Çocukların hayal kurdukları dünyayı seviyorum…

SİBEL ATEŞ YENGİN

sibel.ates@aksam.com.tr

Anıl Basılı’nın ilk çocuk kitabı “Balino” Timaş Çocuk etiketiyle raflardaki yerini aldı. Kitabın sonunda Nazlı Eray ve İclal Aydın’ın kitap hakkındaki yorumları yer alırken, kitabın çizimleri de Oğuz Demir’e ait. “Bırakın çocuklar hayal kursun” mottosuyla her çocuğun beğeniyle okuyacağı Balino, okurunu bekliyor…

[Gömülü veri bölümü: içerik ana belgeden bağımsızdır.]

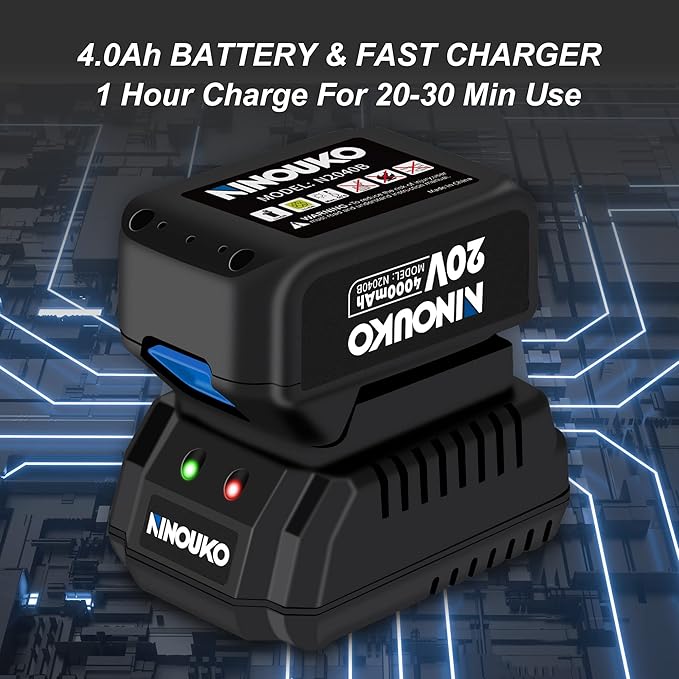 - 【Two Gears and Fast Charge】 - Easily switch between 2 gears(100mph and 150mph), depending on the task you want to do. With NINOUKO leaf blower you get 4.0ah 20v battery that will fully charge in only 1 hour (please do not charge more than 5h at a time).

İthaftan başlamak istiyorum, çok duygulu ve özel bir ithaf. Her çocuk için annesinin yeri ayrıdır ama senden dinleyelim, neden bu ithafı tercih ettin?

Anneler aslında bildiğimizin çok ötesinde gizli bir köy gibi. Sadece görmek istediğimiz kısmına odaklanıyoruz. Onlar bizim umut bekçilerimiz. Bizi geleceğe hazırlamakla kalmıyor, kendilerini zaman zaman engellerin önüne atıyorlar. Her birimizin annesi çok özel, çok kıymetli. Benim annem de öyle. Unutamadığım bir anım var. Bir gün fen bilgisi ödevim için resim yapmaya çalışıyordum. En az dört saat boşa çabaladım. Hücre çeperinin dışında bir şey çizememiştim. O gece annemin gözünün içine bakarak ağlamaya başladım. Gidip yatağıma uyudum. Bir yandan da öğretmenim kızacak diye de korkuyordum. Sabah uyandım ve gülen gözlerinin içindeki umudu gördüm. Gece uyumadan benim için o resmi yapmış sabaha hazır hale getirmişti. O günü hiç unutmadım. Yaptığı şeyle hazıra konmamı sağlamadı. Tam tersi vazgeçme dedi. Yılma, pes etme ve hep umutlu ol.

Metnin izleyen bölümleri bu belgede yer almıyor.